Return all the entries exactly. No pictures.
_ _ _
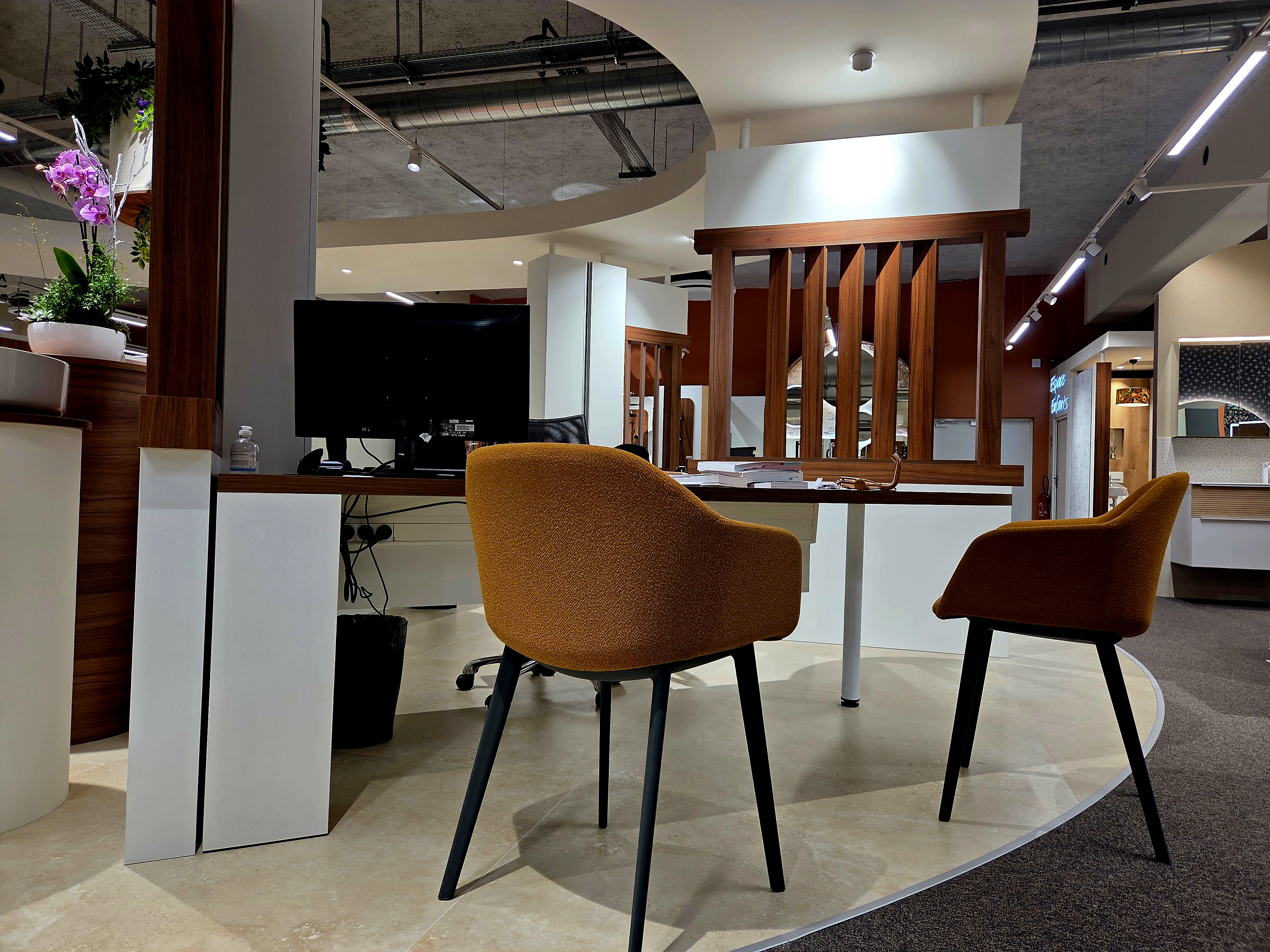 Au cœur de la composition, l’olivier, installé devant l’ensemble bureau et magnifié par la coupole du plafond qui magnifie l’espace accueil client, s’impose comme un symbole d’élégance naturelle et de pérennité.
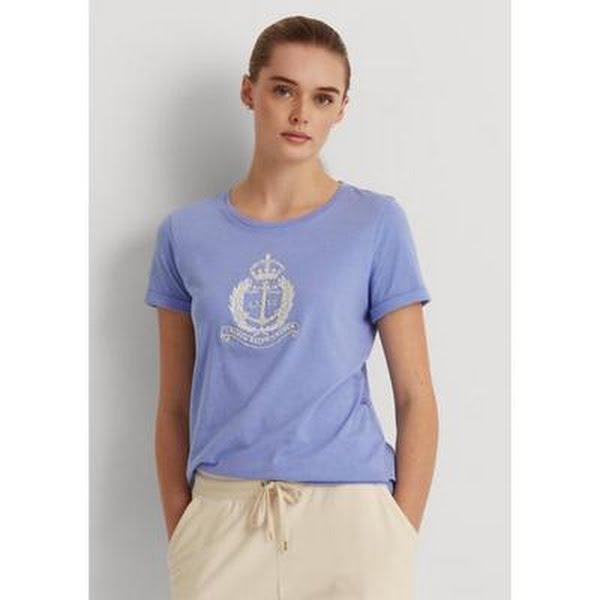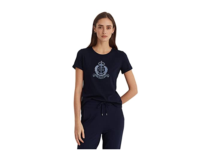 Cut from a soft cotton blend, this tee features a nautical-inspired graphic with detailed embroidery and beadwork at the chest. Relaxed fit. Intended to hit at the hip. Size medium has a 25.5 body length. Crew neck. Rolled short sleeves. Anchor print.
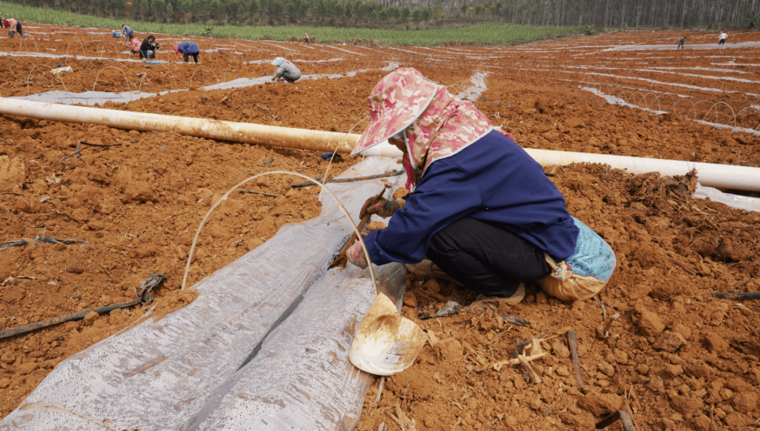 基地里,一垄垄新覆的地膜在阳光下泛着银光,工人们分散在田间,分工有序、动作熟练。他们有的手持工具整理田垄;有的弯腰点播南瓜子;还有的几人一组,默契配合,将地膜顺势拉平、覆土压实,为种子撑起一道保墒增温的屏障。目前,种植基地已全面开展播种工作。放眼望去,整齐的田垄向远处延伸,一粒粒种子正在春日的土壤中悄然扎根。
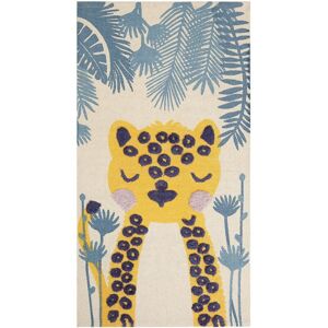 Handwoven Children Rug with Animal Print. Transform your child's room and decorate it with this cute rug. Neutral in colour with an embroidered bear, it will suit both girls and boys, from Boho style to modern interiors. It has been handcrafted, making it an eye-catching accessory that will serve for many years. This product will add a cosy touch to the interior, and will also serve as a place for games and other activities. Additionally, it is safe in usage thanks to the sprayed back, so the product won't slip. Details: Product Type: Kids Rug Style: Boho General Color: Beige, Black, Grey Material Type: Fabric Main Material: Cotton Additional Material: Fabric Material Composition: 95% Cotton Shape: Rectangular Anti-Slip Bottom: Yes GSM: 1150 g/m2 Pattern: For Kids Suitable for Underfloor Heating: No Weaving: Handwoven Dimensions: Pile Height: 2 cm Width: 80 cm Length: 150 cm Weight: 1.4 kg Offer Includes: 1 x Rug Key Features: Hand-Crafted with High Attention to Detail, Reduced
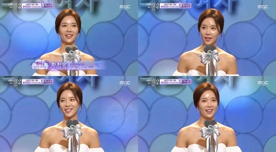 배우 황정음이 MBC 연기대상 미니시리즈 여자 최우수연기상 부문을 수상했다.
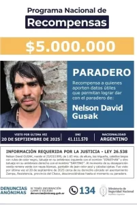 El Programa Nacional de Recompensas, dependiente del Ministerio de Seguridad de la Nación, ofreció una recompensa de $5.000.000 (cinco millones...
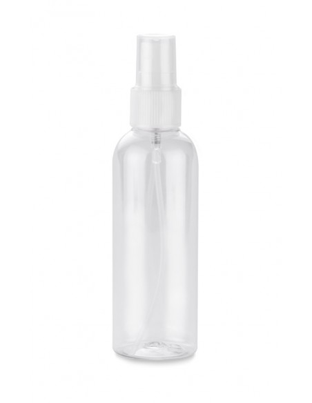 Pojemnik ze spryskiwaczem, spray'em, atomizerem. Wykonany z plastiku półprzezroczystego.
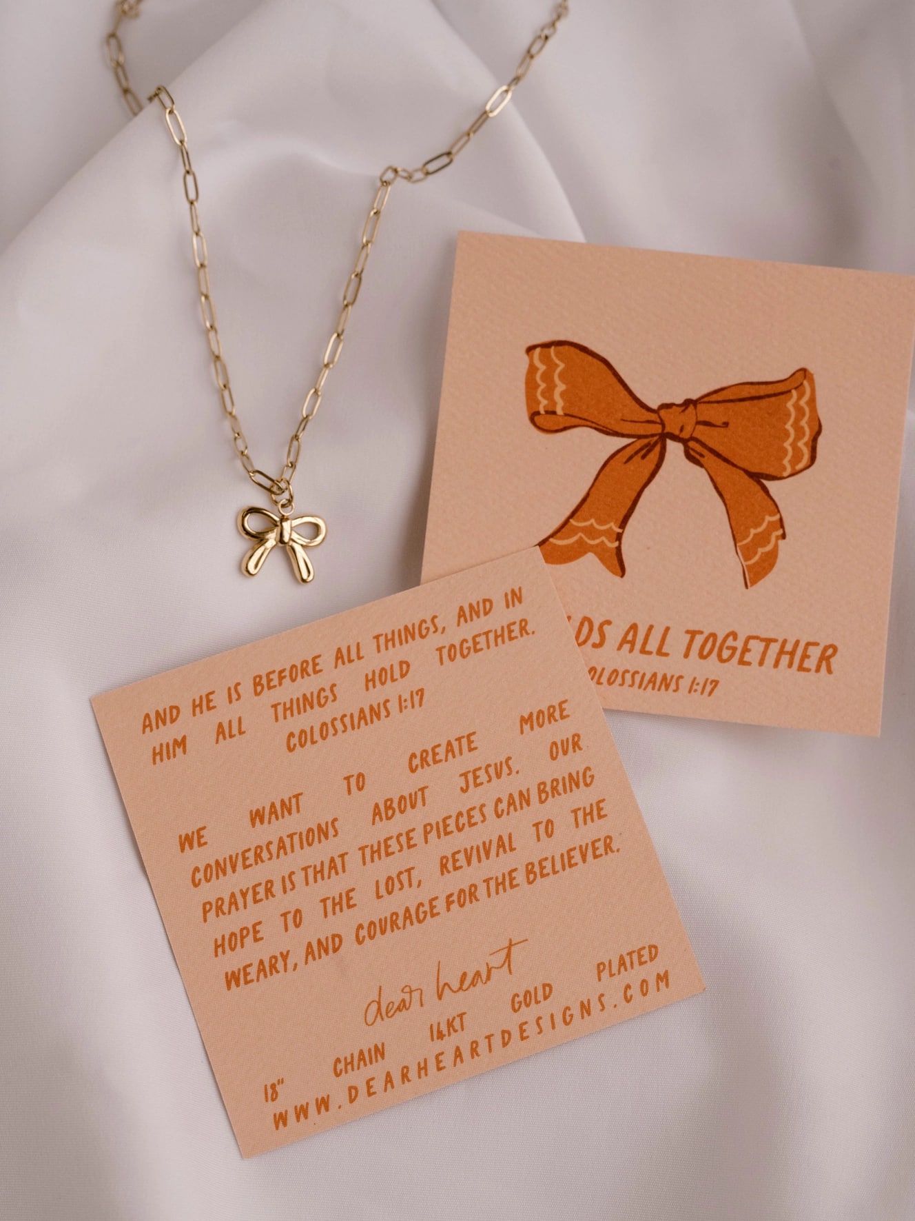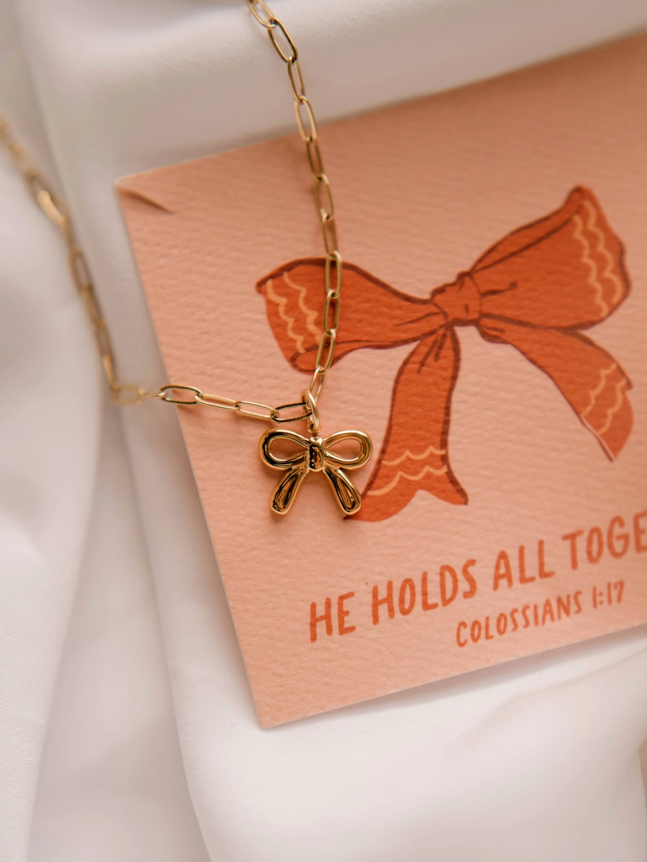 The He Holds All Together Bow Charm Necklace is a reminder of Colossians 1:17: “And He is before all things, and in Him all things hold together.” When life feels uncertain, this verse calls you to rest in His steady hands—He goes before you, stands behind you, and surrounds you on every side.
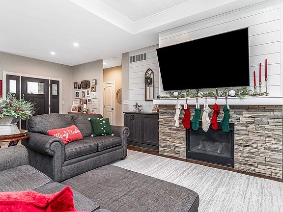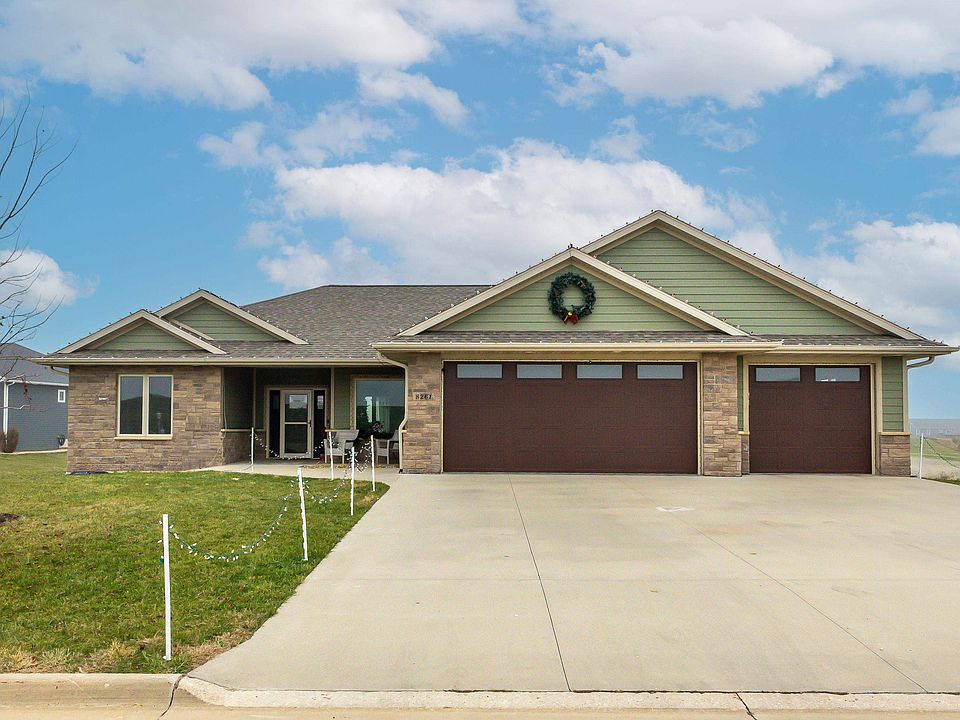 Located in Peosta, this quality-built home offers 5 bedrooms, 3.5 baths, and thoughtful details throughout. The open split-bedroom layout features no-step entry, hardwood floors, and 9-foot ceilings with 10-foot tray accents. The spacious kitchen includes white cabinetry, granite counters, stainless steel appliances, a large island, and convenient main-floor laundry nearby. The living area is warm and inviting with a beautiful fireplace. A 14x12 covered deck, a welcoming front porch, and large patio provide great outdoor spaces to relax. The primary suite includes a tiled walk-in shower and stylish finishes. The finished walkout lower level adds valuable living space with a family room, second fireplace, additional bedrooms, full bath, and access to a lower-level garage. With upgraded exterior siding and exceptional craftsmanship, this Peosta home blends comfort, function, and beautiful design.
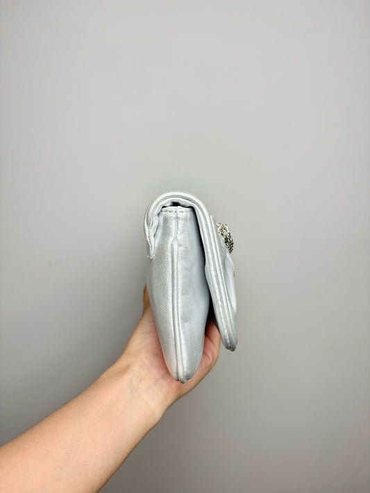 Guiseppe Zanotti Solid Leather Metallic Silver Clutch Purse
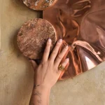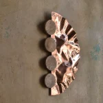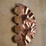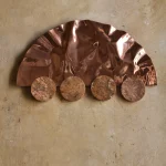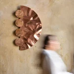 ESTERO is the place where the sea and the river met. This copper and marble sculptural piece transmits the subtlety and authenticity of each sea wave, the swaying of the tide reminds us of the singularity of each moment, allowing us to be captivated by the subtlety of the clean and simple forms. The contrast of materials, textures, and colours generates a piece that becomes a protagonist.
_ _ _
§ **Written solution**
 Au cœur de la composition, l’olivier, installé devant l’ensemble bureau et magnifié par la coupole du plafond qui magnifie l’espace accueil client, s’impose comme un symbole d’élégance naturelle et de pérennité.
 Cut from a soft cotton blend, this tee features a nautical-inspired graphic with detailed embroidery and beadwork at the chest. Relaxed fit. Intended to hit at the hip. Size medium has a 25.5 body length. Crew neck. Rolled short sleeves. Anchor print.
 基地里,一垄垄新覆的地膜在阳光下泛着银光,工人们分散在田间,分工有序、动作熟练。他们有的手持工具整理田垄;有的弯腰点播南瓜子;还有的几人一组,默契配合,将地膜顺势拉平、覆土压实,为种子撑起一道保墒增温的屏障。目前,种植基地已全面开展播种工作。放眼望去,整齐的田垄向远处延伸,一粒粒种子正在春日的土壤中悄然扎根。
 Handwoven Children Rug with Animal Print. Transform your child's room and decorate it with this cute rug. Neutral in colour with an embroidered bear, it will suit both girls and boys, from Boho style to modern interiors. It has been handcrafted, making it an eye-catching accessory that will serve for many years. This product will add a cosy touch to the interior, and will also serve as a place for games and other activities. Additionally, it is safe in usage thanks to the sprayed back, so the product won't slip. Details: Product Type: Kids Rug Style: Boho General Color: Beige, Black, Grey Material Type: Fabric Main Material: Cotton Additional Material: Fabric Material Composition: 95% Cotton Shape: Rectangular Anti-Slip Bottom: Yes GSM: 1150 g/m2 Pattern: For Kids Suitable for Underfloor Heating: No Weaving: Handwoven Dimensions: Pile Height: 2 cm Width: 80 cm Length: 150 cm Weight: 1.4 kg Offer Includes: 1 x Rug Key Features: Hand-Crafted with High Attention to Detail, Reduced
 배우 황정음이 MBC 연기대상 미니시리즈 여자 최우수연기상 부문을 수상했다.
 El Programa Nacional de Recompensas, dependiente del Ministerio de Seguridad de la Nación, ofreció una recompensa de $5.000.000 (cinco millones...
 Pojemnik ze spryskiwaczem, spray'em, atomizerem. Wykonany z plastiku półprzezroczystego.
 The He Holds All Together Bow Charm Necklace is a reminder of Colossians 1:17: “And He is before all things, and in Him all things hold together.” When life feels uncertain, this verse calls you to rest in His steady hands—He goes before you, stands behind you, and surrounds you on every side.
 Located in Peosta, this quality-built home offers 5 bedrooms, 3.5 baths, and thoughtful details throughout. The open split-bedroom layout features no-step entry, hardwood floors, and 9-foot ceilings with 10-foot tray accents. The spacious kitchen includes white cabinetry, granite counters, stainless steel appliances, a large island, and convenient main-floor laundry nearby. The living area is warm and inviting with a beautiful fireplace. A 14x12 covered deck, a welcoming front porch, and large patio provide great outdoor spaces to relax. The primary suite includes a tiled walk-in shower and stylish finishes. The finished walkout lower level adds valuable living space with a family room, second fireplace, additional bedrooms, full bath, and access to a lower-level garage. With upgraded exterior siding and exceptional craftsmanship, this Peosta home blends comfort, function, and beautiful design.
 Guiseppe Zanotti Solid Leather Metallic Silver Clutch Purse
 ESTERO is the place where the sea and the river met. This copper and marble sculptural piece transmits the subtlety and authenticity of each sea wave, the swaying of the tide reminds us of the singularity of each moment, allowing us to be captivated by the subtlety of the clean and simple forms. The contrast of materials, textures, and colours generates a piece that becomes a protagonist.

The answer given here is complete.